◆ **What you need to do**
Nothing in the copy should be a picture; everything else in the listing is to be restated exactly.

[Material provided — start]

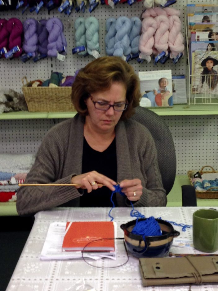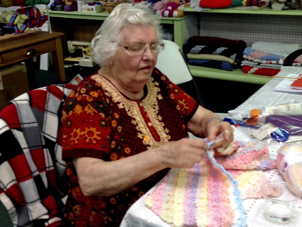 Now, she likes to make baby clothing, with samples of her work hanging throughout the store, and she knits all of her Christmas gifts.
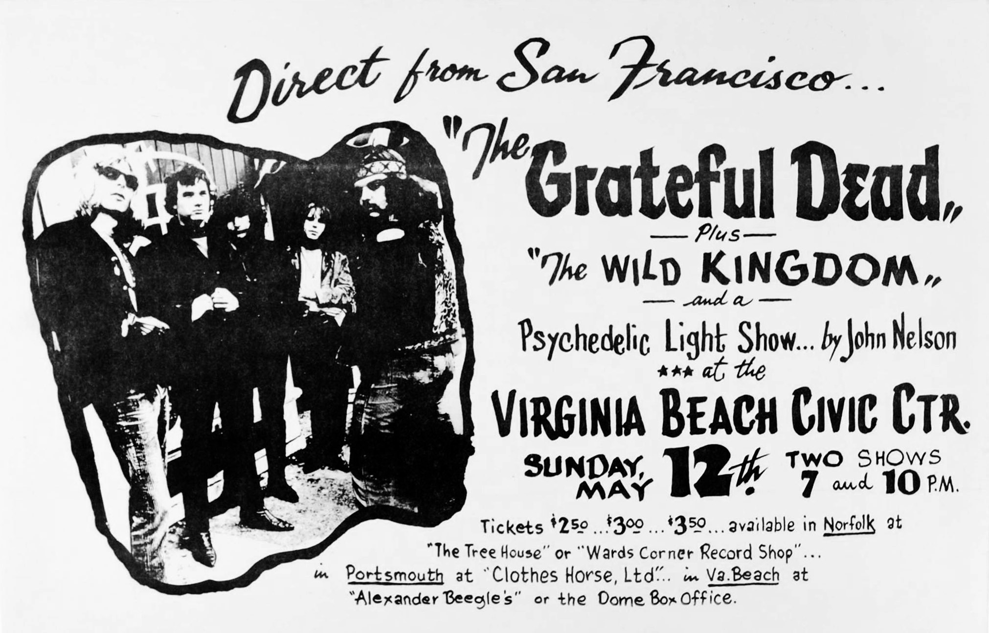mandolincafe: comment from Michael Johnstone, who was a guitar player for opening act The Wild Kingdom: "Speaking of the Dead, my band opened for them in the summer of 68 at the Virginia Beach Dome and Jerry asked me to jam with them at sound check which I attempted to do but something I'd ingested earlier in the day was kicking in and causing my mind to wander so Jerry yelled across the stage for me to unplug and sit down. I was crushed. That story followed me all the way to California and across 4 decades and in the minds of some, I'm still "The guy who was too high to jam with the Dead...."
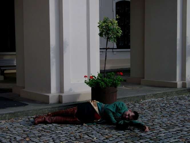 Pierwsza część wydarzenia nie zapowiadała niespodzianek. Zwykłe zdjęcia w pięknych wnętrzach współczesnych zakochanych młodych ludzi. Sytuacja zmieniła się, kiedy para, znużona zwiedzaniem, zapada w sen w jednej z pałacowych sal… Przenosimy się do obozu wojskowego, obserwujemy rapt panny młodej i próbę jej uwolnienia.
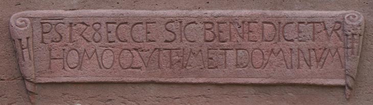Ein kleines Schriftband befindet sich unter dem Inschriftenfeld mit den 17 Kindern und hat folgendem Inhalt: "PS 128 ECCE SIC BENEDICETVR / HOMO QVI TIMET DOMINVM" - Psalm 127/4: Siehe, auf diese Weise wird der Mann gesegnet, der den Herrn fürchtet.

[Material provided — finish]

◆ **Reply**
 Now, she likes to make baby clothing, with samples of her work hanging throughout the store, and she knits all of her Christmas gifts.
mandolincafe: comment from Michael Johnstone, who was a guitar player for opening act The Wild Kingdom: "Speaking of the Dead, my band opened for them in the summer of 68 at the Virginia Beach Dome and Jerry asked me to jam with them at sound check which I attempted to do but something I'd ingested earlier in the day was kicking in and causing my mind to wander so Jerry yelled across the stage for me to unplug and sit down. I was crushed. That story followed me all the way to California and across 4 decades and in the minds of some, I'm still "The guy who was too high to jam with the Dead...."
 Pierwsza część wydarzenia nie zapowiadała niespodzianek. Zwykłe zdjęcia w pięknych wnętrzach współczesnych zakochanych młodych ludzi. Sytuacja zmieniła się, kiedy para, znużona zwiedzaniem, zapada w sen w jednej z pałacowych sal… Przenosimy się do obozu wojskowego, obserwujemy rapt panny młodej i próbę jej uwolnienia.
Ein kleines Schriftband befindet sich unter dem Inschriftenfeld mit den 17 Kindern und hat folgendem Inhalt: "PS 128 ECCE SIC BENEDICETVR / HOMO QVI TIMET DOMINVM" - Psalm 127/4: Siehe, auf diese Weise wird der Mann gesegnet, der den Herrn fürchtet.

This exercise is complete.